The U-2 was developed by Lockheed Aircraft Corporation for the CIA to perform aerial reconnaissance overflights of the Soviet Union. Project director Richard M. Bissell assured President Dwight Eisenhower that the aircraft's high altitude (70,000 feet) would render it invisible to Soviet radars. However, the earliest flights in July 1956 were in fact tracked.

On 5 July, an A-100 "Kama" radar detected Carmine Vito as he flew over Smolensk en route to Moscow. The operators even calculated his altitude as 20 kilometers (65,000 feet) which was later rejected by experts who did not believe that an aircraft could fly that high. SA-1 missiles were not kept at the air defense sites around Moscow and no intercept was attempted.[1]

In mid-August, Bissell assembled a group of advisors to begin work on solving the tracking problem. Among the group were Edwin H. Land, founder of the Polaroid Corporation and head of Project Three the Technological Capabilities Panel [2], Edward Purcell, a Nobel laureate physicist from Harvard; and Clarence L. "Kelly" Johnson, head of Lockheed Advanced Development Projects (ADP) -the "Skunk Works".

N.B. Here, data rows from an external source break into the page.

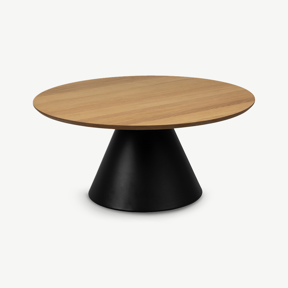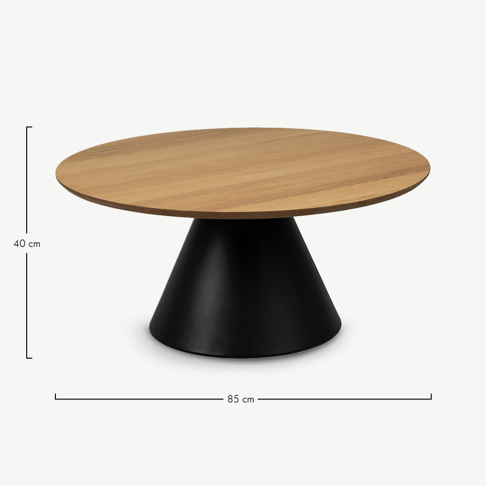 De Ella salontafel Ø85 cm is een krachtig maar verfijnd middelpunt dat natuurlijke warmte en sculpturaal design naar je woonkamer brengt. De tafel heeft een FSC-gecertificeerd eikenfineer blad en een stevige conische metalen poot in matzwart – goed voor een ruime oppervlakte en een tijdloze uitstraling. Met een hoogte van 40 cm is hij perfect als losse blikvanger of gecombineerd met de kleinere Ella tafels voor een gelaagd effect.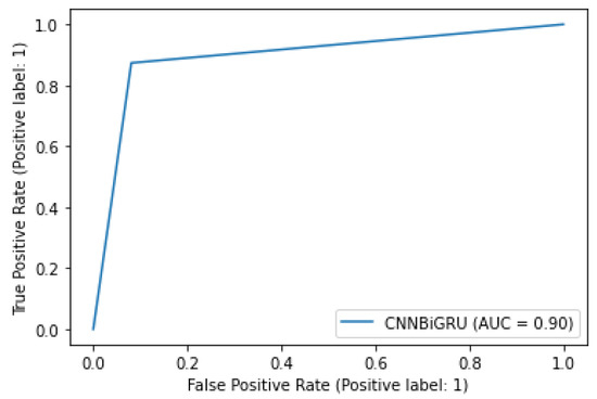 Table 2 illustrates the above-mentioned performance metrics for murmur and regular heartbeat sounds using our proposed CNN+BiGRU with an attention mechanism against other deep learning models. Figure 10 illustrates the receiver operating characteristic (ROC) curve of our proposed architecture along with the area under the curve (AUC) on the validation set to be 0.9, indicating that the model performs exceptionally well on the validation set. This AUC parameter tells us how much the model can distinguish between different classes; hence, the more the area, the better the model. As is evident in Table 2, the AUC of the proposed architecture outperforms the other models.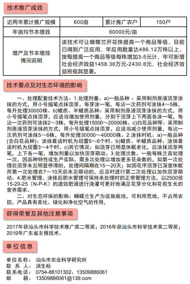 2021年农业主推技术:蝴蝶兰花朵增多技术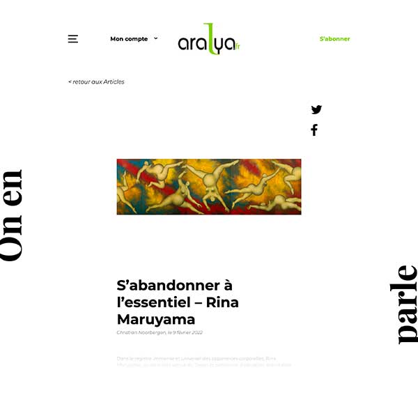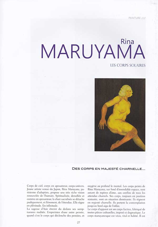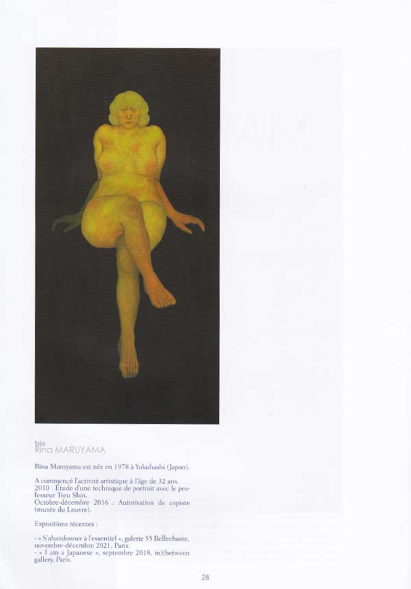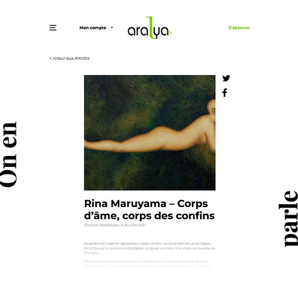 Rina Maruyana, a young artist from Japan, and Parisian by adoption, offers a very rich and renewed vision of humanity. Spiritualized, densified and as if in weightlessness, the sacred flesh detaches itself modestly, and proudly, from the expanse. It reigns in fullness. In infinity.

The group conducted initial discussions. Then Land went to the MIT Lincoln Laboratory to recruit radar specialists for the work. The leader of the Lincoln Lab team was Franklin Rodgers, associate head of the radar division. Working in isolation from the rest of the lab, his group began trying to find ways to reduce the U-2's radar cross section [3]. As their work progressed, they traveled to California to work with Lockheed and to various military bases to perform radar measurements of U-2s in flight.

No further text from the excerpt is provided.